President Donald Trump’s position on immigration is blatantly unpatriotic. Through his comments and actions as a candidate and president, we know he is no fan of undocumented immigrants from Mexico and elsewhere. Many Trump supporters say it’s only illegal immigration that the president is opposed to, but the fact is that the president’s war against legal immigration is equally, if not more fervent than his efforts against illegal immigration.

President Trump has proposed to cut legal immigration in half by weakening the family ties clause of our immigration system that allows legal residents to sponsor family members. He wants to limit naturalization for legal immigrants if they have ever used government welfare programs. He has also cut the number of green cards we grant and is lessening the number of asylum seekers we accept. And let’s not forget his leaked comments that he doesn’t want people — legal or illegal — from “shithole” countries each of which was poor and brown immigrating here. Why are Trump’s immigration policies unpatriotic?

 In one of former President Ronald Reagan’s last televised addresses as president, he explained why he felt America was an exceptional country: “America represents something universal in the human spirit … Anybody from any corner of the world can come to America to live and become an American.” Reagan’s patriotism is rooted in the belief that American values are universal. That is, anyone should be able to become an American because the American identity is rooted in its values.

This is called civic nationalism, where the national identity is based on shared values rather than a shared perceptible identity. Late Sen. John McCain echoed Reagan’s sentiment last May, when he said that you don’t even need to know English to be fully American, you only need to have American values. What are these values? I would say they are they are pretty clearly delineated in the U.S. Constitution and the Declaration of Independence. They are a capacious set of values rooted in the basic liberal tradition of free speech, individual rights and due process. These values can incorporate a wide variety of political positions, ideologies, religions and cultures.

The vast majority of countries in the world are nation-states with an ethnic, religious or hegemonic cultural identity that serves as the basis of their national identity. Nation-states like China, Italy or India have commonly perceived shared traits, like traditions, religious beliefs or histories that many citizens associate with their national identity. If you lie outside these common traits, integrating as a fully equal citizen in social and even sometimes legal terms can be hard. The extent of exclusivity to the national identities of the nation-states of the world varies, but I would argue none come close to the level of inclusivity the American identity has had in recent history. We grew up calling America a nation of immigrants for a reason.

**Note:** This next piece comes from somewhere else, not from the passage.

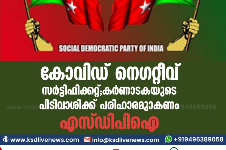 പ്രാദേശികം കോവിഡ് നെഗറ്റീവ്സർട്ടിഫിക്കറ്റ്;കർണാടകയുടെ പിടിവാശിക്ക് പരിഹാരമുണ്ടാകണം എസ്ഡിപിഐFebruary 22, 2021
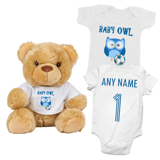Baby Owl Personalised Matching Teddy Bear & Bodysuit

But it was only in 1965, after the Civil Rights movement had left its mark, that America liberalized its immigration policy and became the country Reagan and McCain praised. From 1924 to 1965, America closed its doors with the passage of the Immigration Act of 1924. An ethnic and racial hierarchy was codified in a quota system that essentially only let Northern Europeans enter. 

Back then, xenophobia was directed toward not only non-European groups, but also European groups perceived as threatening to the Anglo-American character of America. Italians, Jews, Irish, and at one point even Germans, threatened the homogeneity of the dominant culture. Italians, the Irish and the Jews were considered non-white races and faced widespread discrimination. Eventually, all of these groups integrated into the dominant culture, a process which changed the immigrant groups but also changed the country for the better. America, despite the incessant plague of xenophobia, has continually been shaped by immigrants.

Since 1965, after the repeal of the Immigration Act of 1924, America’s demographics have begun to unsurprisingly change drastically. By 2065, so long as current rate of immigration remains constant, 46 percent of America will be white creating a majority-minority nation. When Trump said he doesn’t want people from shithole countries, he was harkening back to the tradition of xenophobia that resulted in the 1924 act. In fact, Attorney General Jeff Sessions actually cited the Immigration Act of 1924 as a model for current immigration policy in an interview with Breitbart News Network.

The fear that immigrants perceived as different cannot integrate into American society is clearly not new. And it is as wrong now as it was wrong in 1924. The implicit argument today that non-European immigrants carry an immutable cultural alienness that renders them unable to integrate into American society is incorrect. Yet, Hispanic immigrants, most often the target of anti-immigration rhetoric, are integrating into American society just as European immigrants have integrated in the past. Like President Reagan said, anyone can become American because anyone can live by the values of liberty and justice and strive to uphold these values when we all seem to be falling short.

Economic arguments against immigration similarly fall short of the facts and succumb to misperceptions. Immigrants contribute to the economy rather than slow it down. Immigrants are more likely than native-born Americans to start a business and contribute a net increase to the living standards of the average American. The impetus against immigration is largely a visceral fear that someone who looks different or practices a different religion can’t have the same values or way of life. But isn’t the true testament to the strength of our values the fact that we believe anyone can live by them?